Виночерпий, бездонный кувшин приготовь!

Пусть без устали хлещет из горлышка кровь.

Эта влага мне стала единственным другом,

Ибо все изменили – и друг, и любовь.


Собственно говоря, человек для того и пьет вот уже сколько тысячелетий, чтобы иногда почувствовать себя Омаром Хайамом. То есть дать Здравому Смыслу шанс поговорить начистоту с Начальником Бытия. Дескать, так и так: допустим, жалоб нет, питанием и прогулками доволен, книги тоже попадаются интересные, – допустим, а все-таки: зачем я тут? и на фига мне соблюдать эти ваши правила распорядка и ходить на общие, и наблюдать мерзкие повадки блатных, и трепетать перед вертухаями, если мне светит неизбежная вышка, причем неизвестно за что?

Да, я всего лишь особь, организм, тварь, а мироздание величаво и прекрасно, и я в нем ничего не значу и знаю это, и только этим, с позволения сказать, знанием и отличаюсь от какой-нибудь сосны или, там, пальмы.
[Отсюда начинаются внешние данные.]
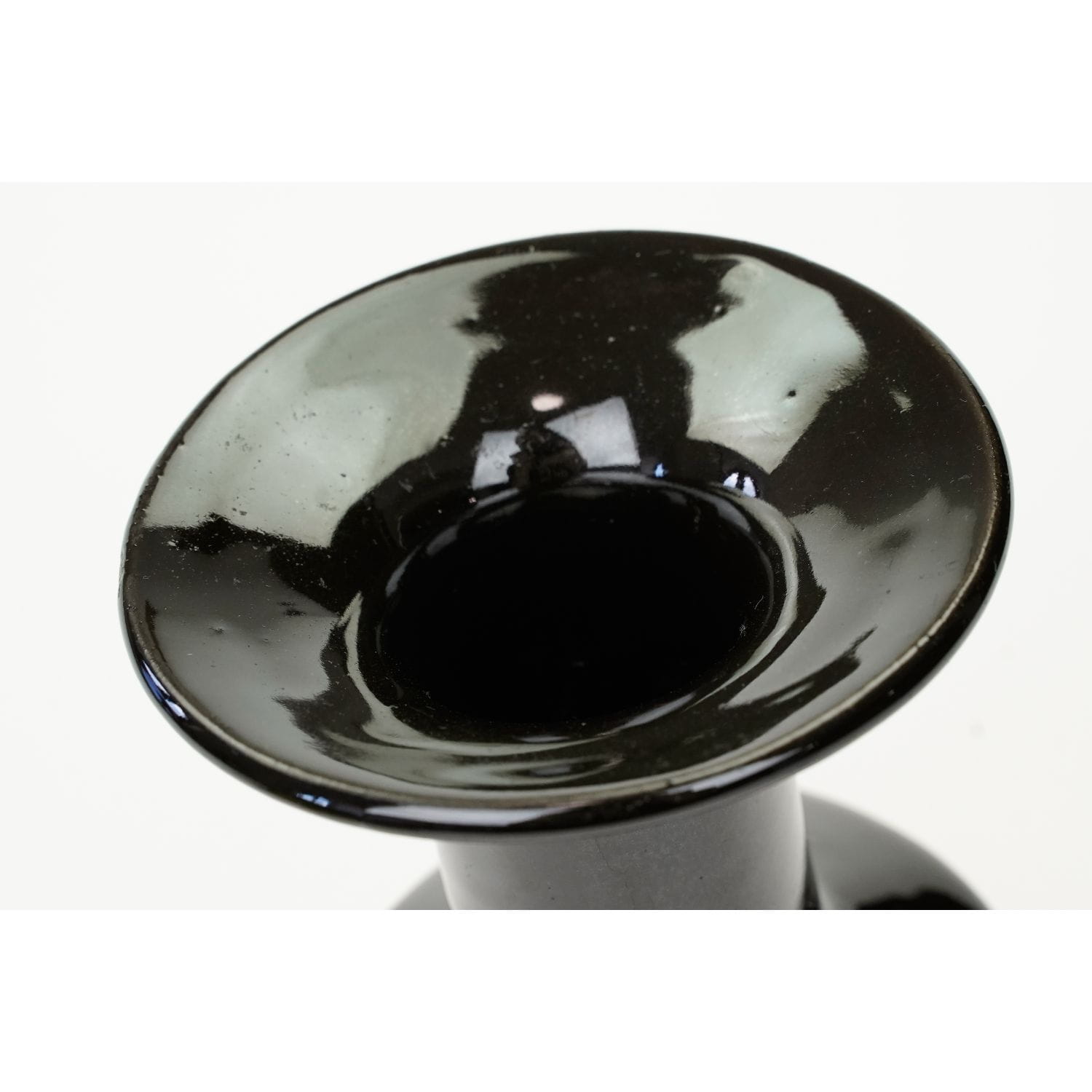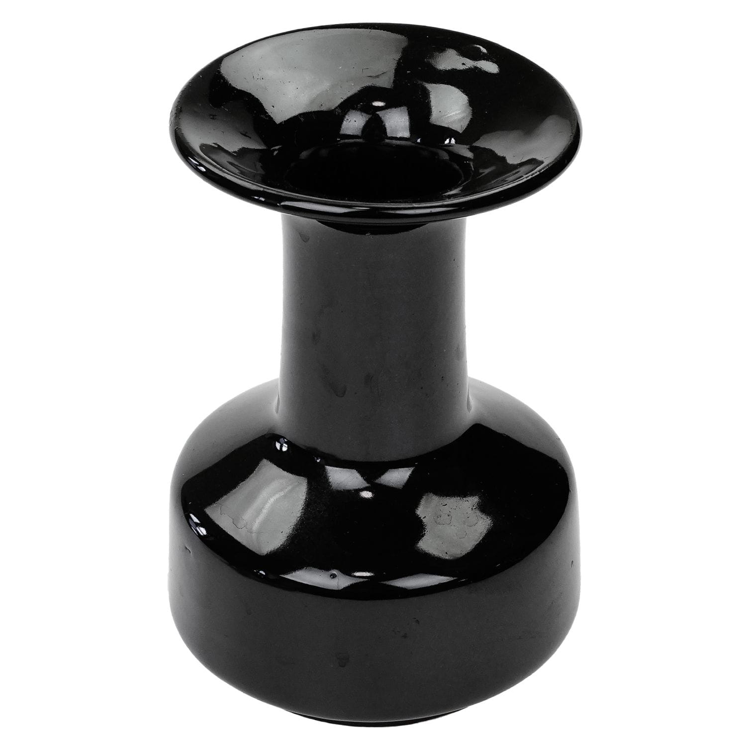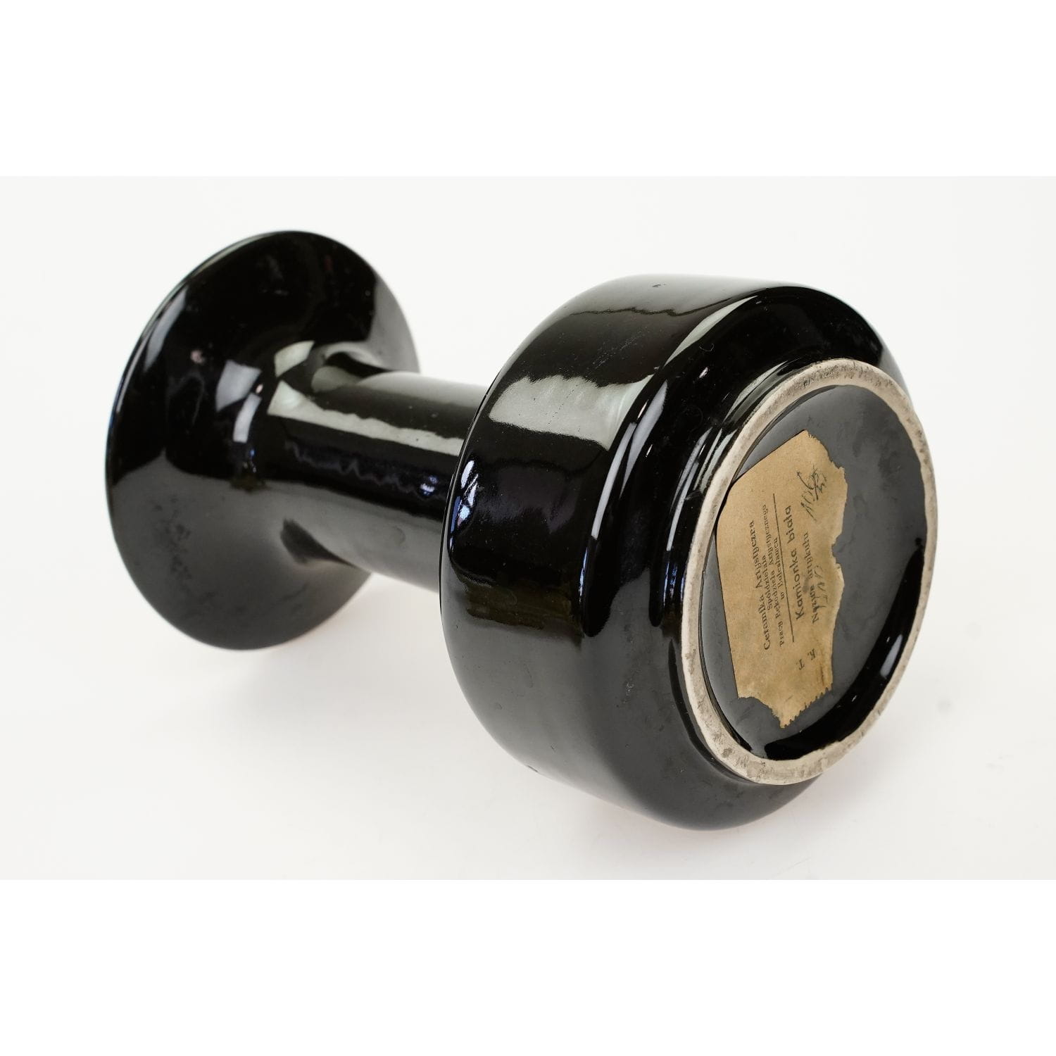 Wydaje mi się, że autorem projektu jest Pan Bronisław Wolanin w latach lata 80- tych. Sygnowany jedynie fragmentem papierowej naklejki. Odlewany w formie. Forma nietypowa z pękatym brzuścem w dolnej części z dłuższą szyją i kołnierzem wywiniętym na zewnątrz. Połyskliwe szkliwo w kolorze czarnym.

У вас, наверное, какие-нибудь замечательные замыслы и цели. Мне догадываться о них не положено. Ни жалости, ни снисхождения тоже не ждать. Я – говорящая пылинка, которая очень скоро замолчит навсегда. Что ж, превосходно. Я не нужен – значит, ничего не должен.

Нежным женским лицом и зеленой травой

Буду я наслаждаться, покуда живой.

Пил вино, пью вино и, наверное, буду

Пить вино до минуты своей роковой!


Меняю ваше мироздание на дозу этилового спирта, в данных исторических условиях – на тыквенную бутыль красной финиковой бормотухи. Потому что в мироздании нет свободы, а в бормотухе она есть. Ненастоящая? Конечно: тут всё ненастоящее, реальна только смерть.

Да пребудет вино неразлучно с тобой!

Пей с любою подругой из чаши любой

Виноградную кровь, ибо в черную глину

Превращает людей небосвод голубой.


А я у меня один. И у вас другого меня не будет. И с моей точки зрения – с точки зрения пальмы или пылинки, зачем-то наделенной здравым смыслом, – это жестоко и неумно. И обидно. Фантазия пусть подслащивает эту обиду литературой, философией, религией. А Здравый Смысл предпочитает асимметричный ответ, а именно – финиковую.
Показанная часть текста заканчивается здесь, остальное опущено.